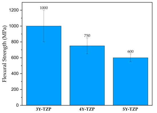 Flexural strength IPS e.max ZirCAD zirconium oxide ceramics varying in yttrium oxide content: 3%-3Y-TZP, 4%-4Y-TZP and 5%-5Y-TZP Adapted from ref. [64].
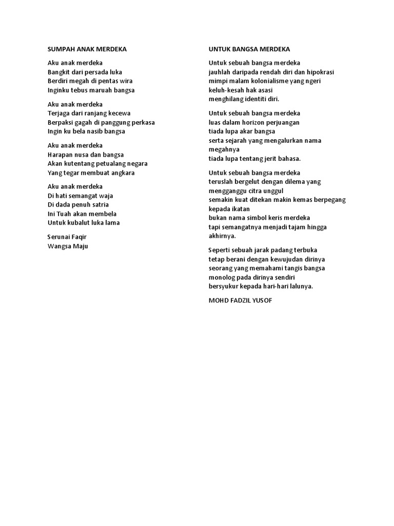 Kemerdekaan Darjah 4 Aku Anak Merdeka Sajak
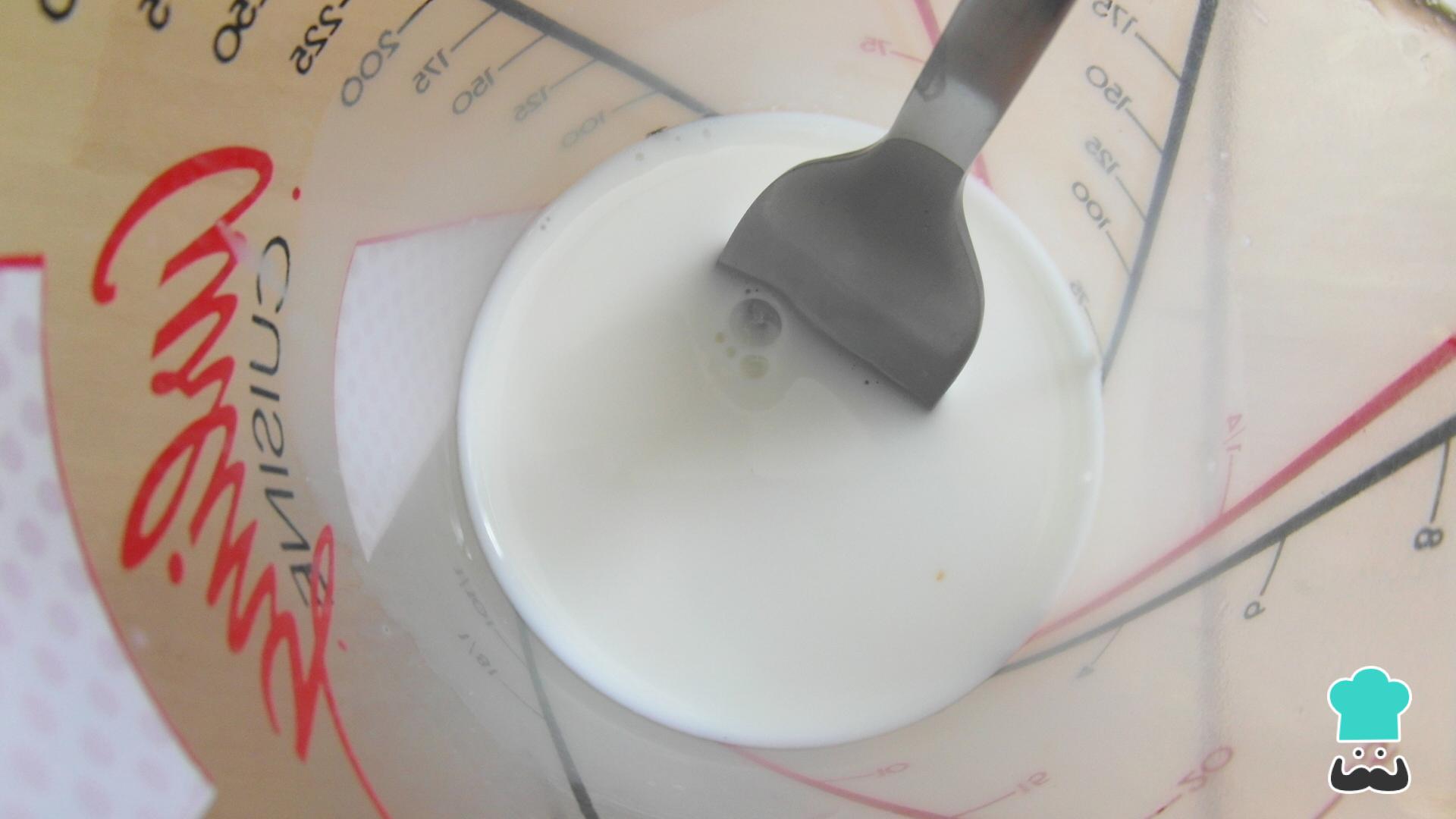 O primeiro passo desta receita de folar de Páscoa português é dissolver o fermento no leite.
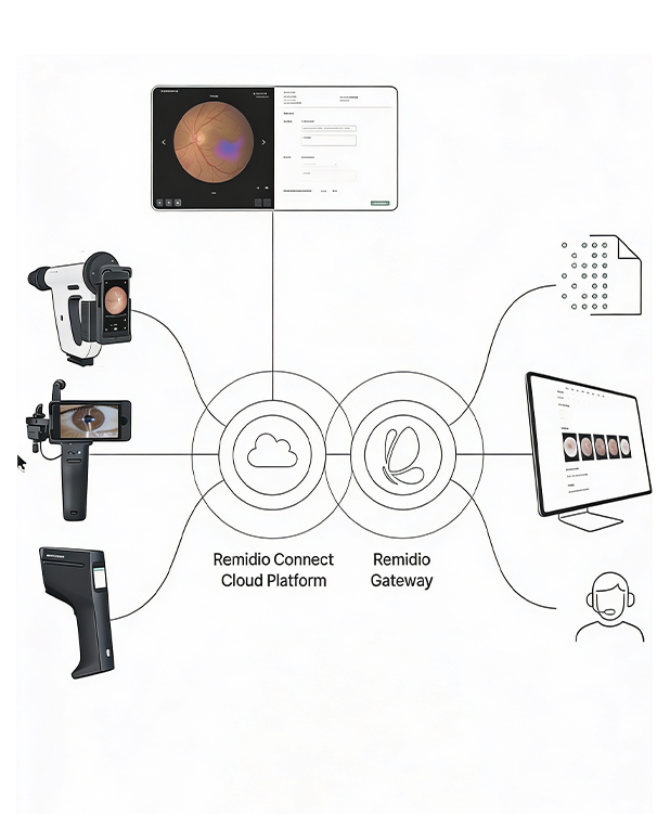 Connect unifies images, AI outputs, clinical reviews, and referrals on a single secure platform. It enables structured review, timely escalation, continuity of care, and auditability, allowing screening programs to scale without compromising clinical quality.
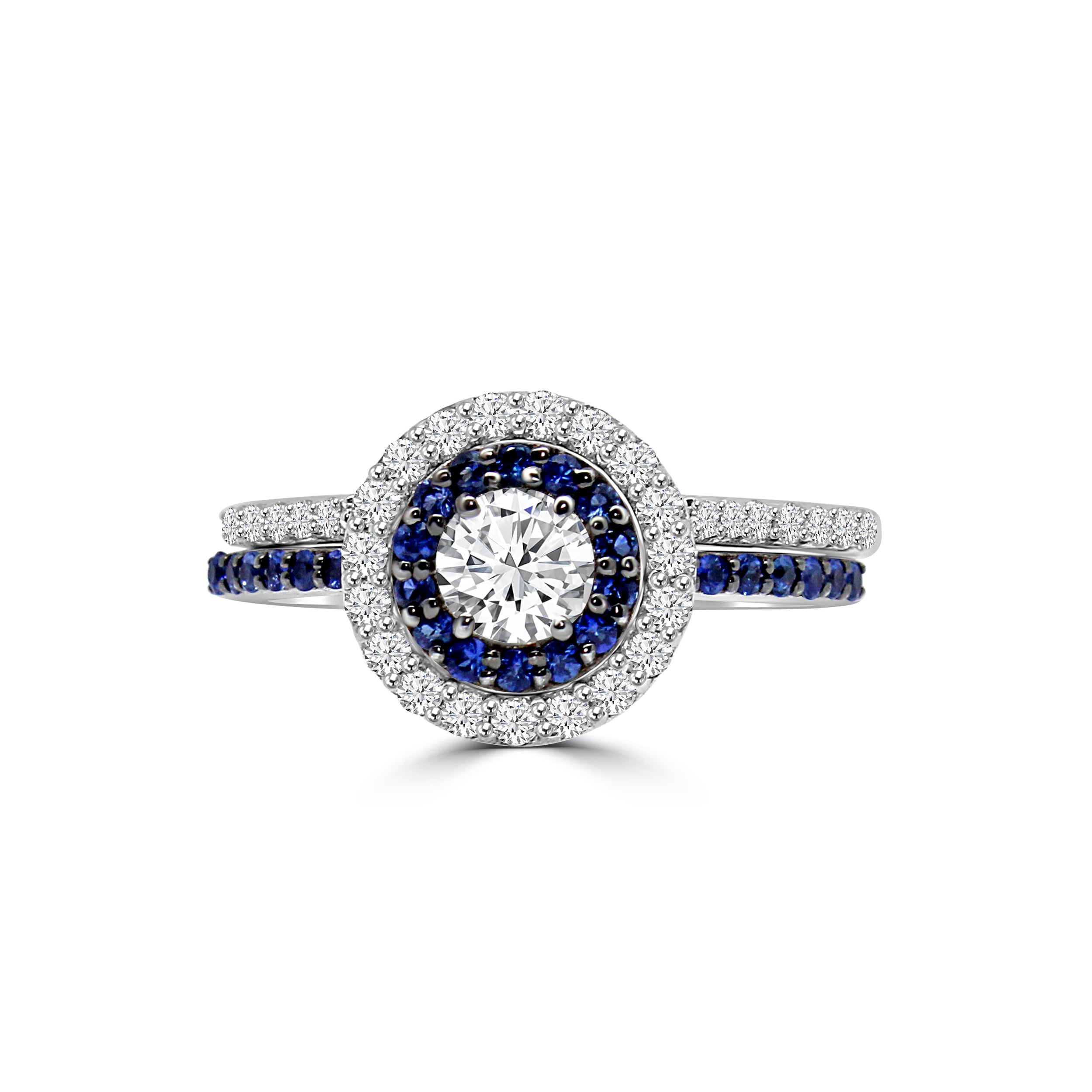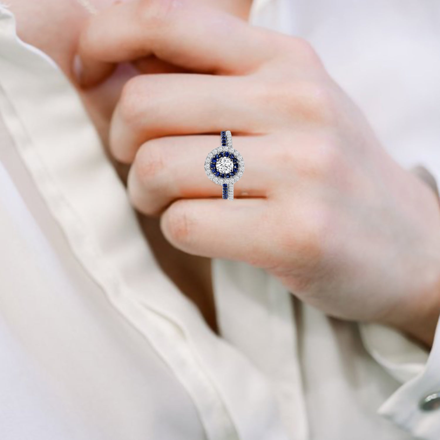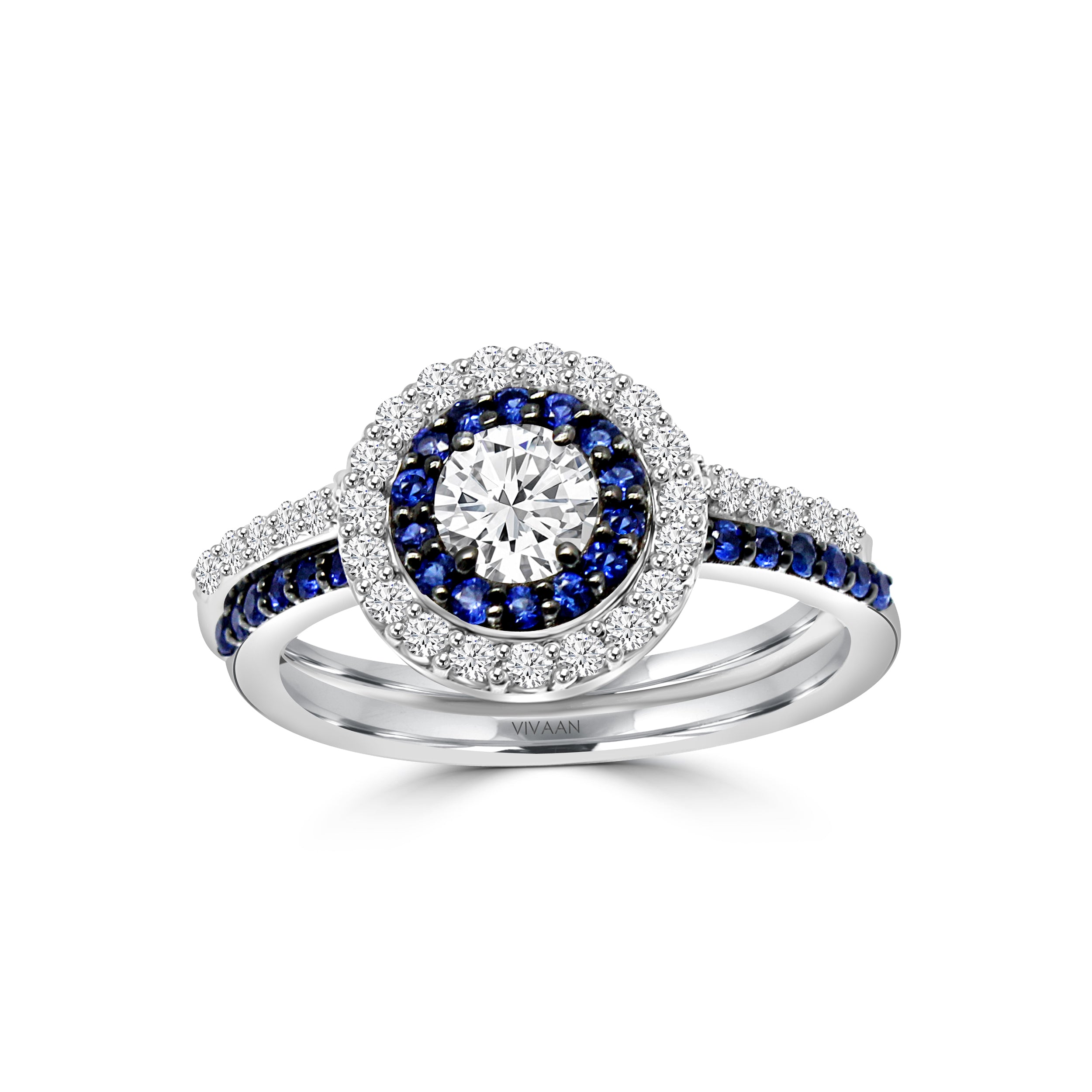 Brilliant diamond center ring surrounded by blue sapphire paired with another ring of brilliant diamonds perfectly fitting in one another to become a single ring. It can be worn separately or as a set.
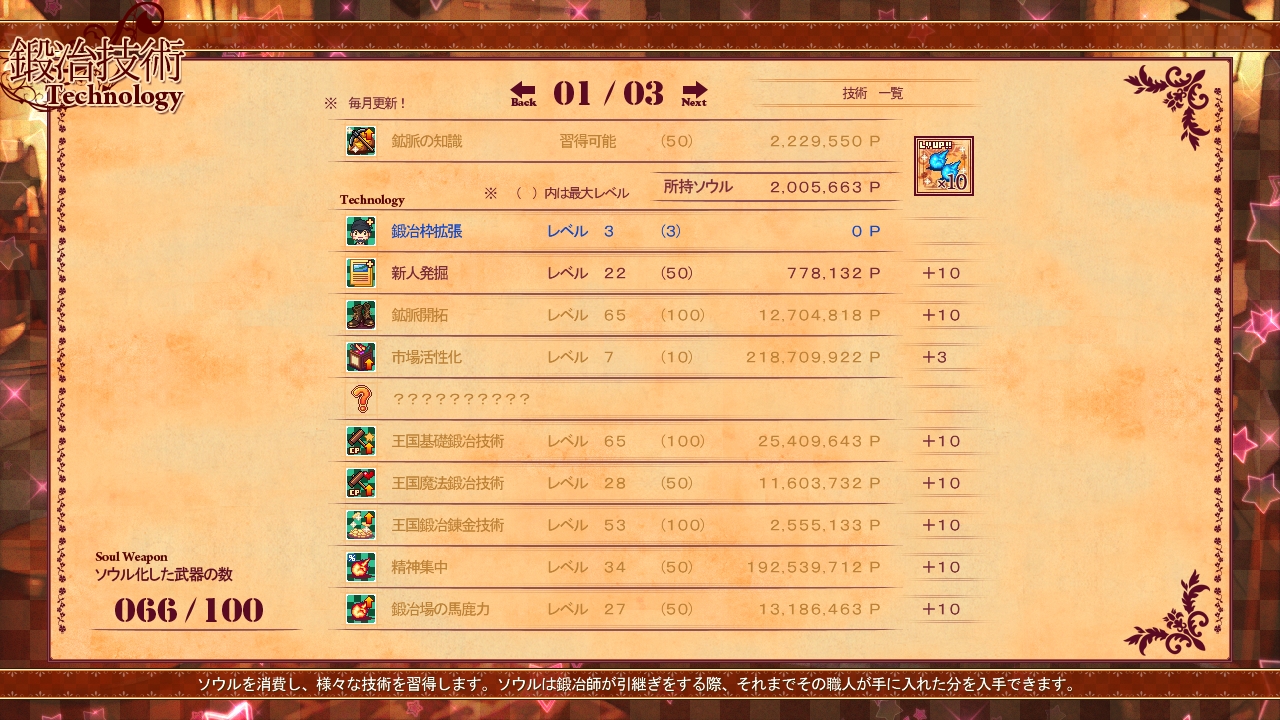 そして武器を作るとたまに「ソウルチャンス!」と呼ばれるボーナスが発生し、それを成功すると「ソウル」が得られます。
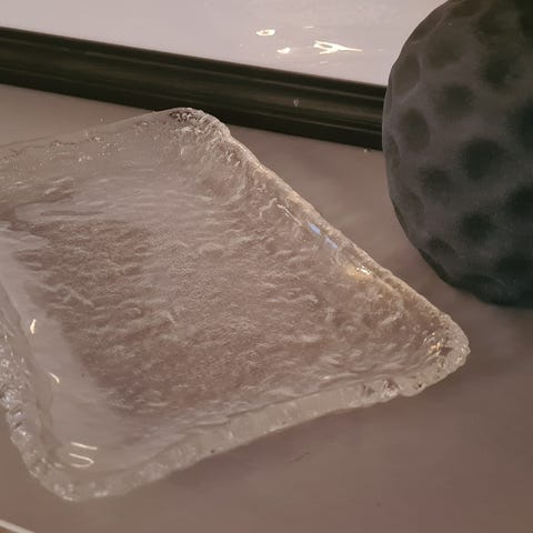 Vakkert, håndlaget glassfat. Fått som reisegave fra Lofoten, men vet ikke noe mer enn det. Forsøkt å ta bilde av signaturen, se siste bilde.
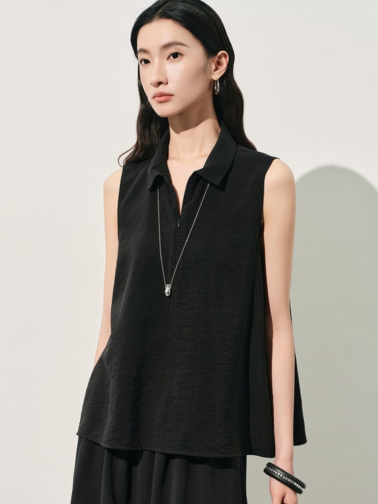 This sleeveless shirt is made of textured blended fabric, which is dry, breathable, structured and wrinkle-resistant. It features a classic lapel with a half-zip placket for a neat and adjustable neckline. The loose fit is flattering for all body types. Simple and stylish, it can be worn alone or layered, perfect for daily commuting and casual occasions.
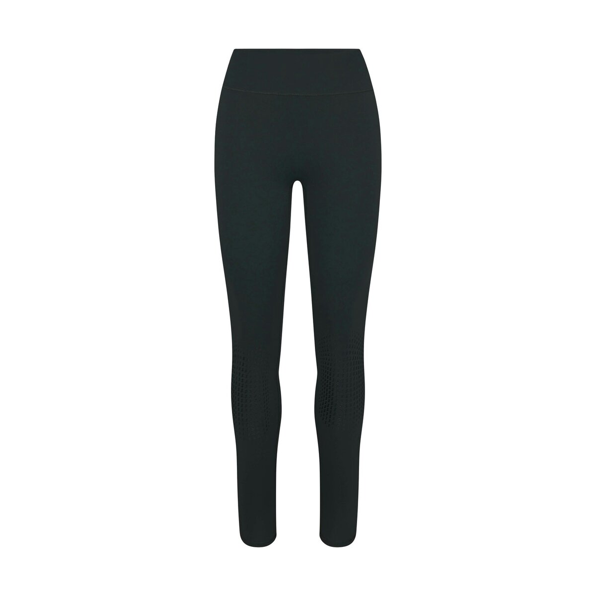 - High-waisted, Thick double layered waistband, Side dart detail, Shiny silicone knee gripper, V-shape seams to accentuate butt shape, Silicone matte logo at center back, Cotton gusset, Fits tight to body, 7/8 length, Inseam: 26″
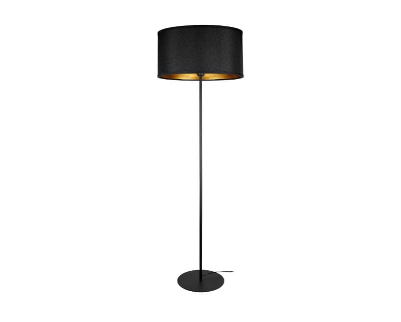 - matowa, czarna rama pomalowana proszkowo, została wykonana z metalu i tworzywa sztucznego, natomiast czarno-zloty klosz z tworzywa sztucznego i tkaniny
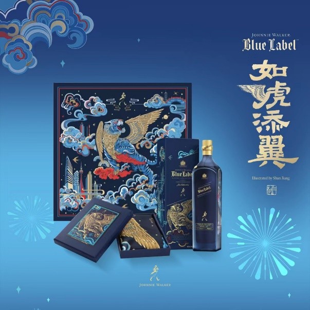 尊尼獲加藍牌有著專為中國市場量身打造新年特別版酒品的豐富歷史,每年以十二生肖為靈感定制化設計包裝和瓶身,與消費者喜迎新年。今年,帝亞吉歐將百年傳承的威士忌釀造工藝與中國藝術家江杉的美學設計交融共通,促成了蘇格蘭威士忌與中國傳統藝術、味覺和視覺的天作之合,為品牌注入全新活力。尊尼獲加藍牌蘇格蘭威士忌如虎生翼特別版以中國傳統文化藝術為根本,瓶身上雄壯的老虎背生金翼寓意“如虎添翼”,是力量和進步的象征。江杉的設計完美呼應了威士忌的傳承珍藏和精湛釀造工藝,正是百年的歷史沉淀和匠心工藝才能創造出尊尼獲加藍牌所蘊含的獨特品質、個性和深邃風味。
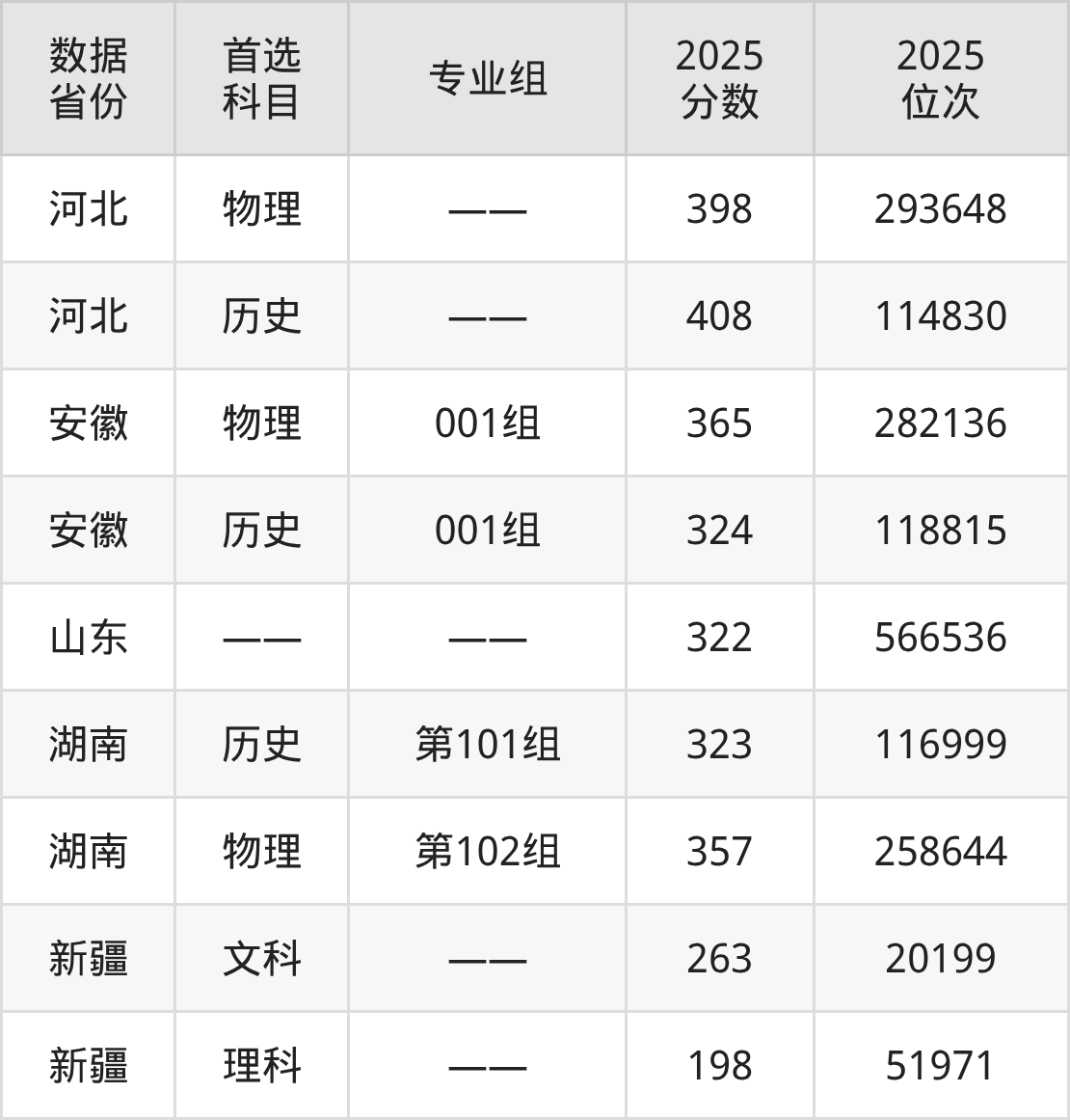10、软件技术:425分、位次368585名。

=-=-=-=-=

Could you repeat all of the entries exactly, without any of the images?

 Flexural strength IPS e.max ZirCAD zirconium oxide ceramics varying in yttrium oxide content: 3%-3Y-TZP, 4%-4Y-TZP and 5%-5Y-TZP Adapted from ref. [64].
 Kemerdekaan Darjah 4 Aku Anak Merdeka Sajak
 O primeiro passo desta receita de folar de Páscoa português é dissolver o fermento no leite.
 Connect unifies images, AI outputs, clinical reviews, and referrals on a single secure platform. It enables structured review, timely escalation, continuity of care, and auditability, allowing screening programs to scale without compromising clinical quality.
 Brilliant diamond center ring surrounded by blue sapphire paired with another ring of brilliant diamonds perfectly fitting in one another to become a single ring. It can be worn separately or as a set.
 そして武器を作るとたまに「ソウルチャンス!」と呼ばれるボーナスが発生し、それを成功すると「ソウル」が得られます。
 Vakkert, håndlaget glassfat. Fått som reisegave fra Lofoten, men vet ikke noe mer enn det. Forsøkt å ta bilde av signaturen, se siste bilde.
 This sleeveless shirt is made of textured blended fabric, which is dry, breathable, structured and wrinkle-resistant. It features a classic lapel with a half-zip placket for a neat and adjustable neckline. The loose fit is flattering for all body types. Simple and stylish, it can be worn alone or layered, perfect for daily commuting and casual occasions.
 - High-waisted, Thick double layered waistband, Side dart detail, Shiny silicone knee gripper, V-shape seams to accentuate butt shape, Silicone matte logo at center back, Cotton gusset, Fits tight to body, 7/8 length, Inseam: 26″
 - matowa, czarna rama pomalowana proszkowo, została wykonana z metalu i tworzywa sztucznego, natomiast czarno-zloty klosz z tworzywa sztucznego i tkaniny
 尊尼獲加藍牌有著專為中國市場量身打造新年特別版酒品的豐富歷史,每年以十二生肖為靈感定制化設計包裝和瓶身,與消費者喜迎新年。今年,帝亞吉歐將百年傳承的威士忌釀造工藝與中國藝術家江杉的美學設計交融共通,促成了蘇格蘭威士忌與中國傳統藝術、味覺和視覺的天作之合,為品牌注入全新活力。尊尼獲加藍牌蘇格蘭威士忌如虎生翼特別版以中國傳統文化藝術為根本,瓶身上雄壯的老虎背生金翼寓意“如虎添翼”,是力量和進步的象征。江杉的設計完美呼應了威士忌的傳承珍藏和精湛釀造工藝,正是百年的歷史沉淀和匠心工藝才能創造出尊尼獲加藍牌所蘊含的獨特品質、個性和深邃風味。
10、软件技术:425分、位次368585名。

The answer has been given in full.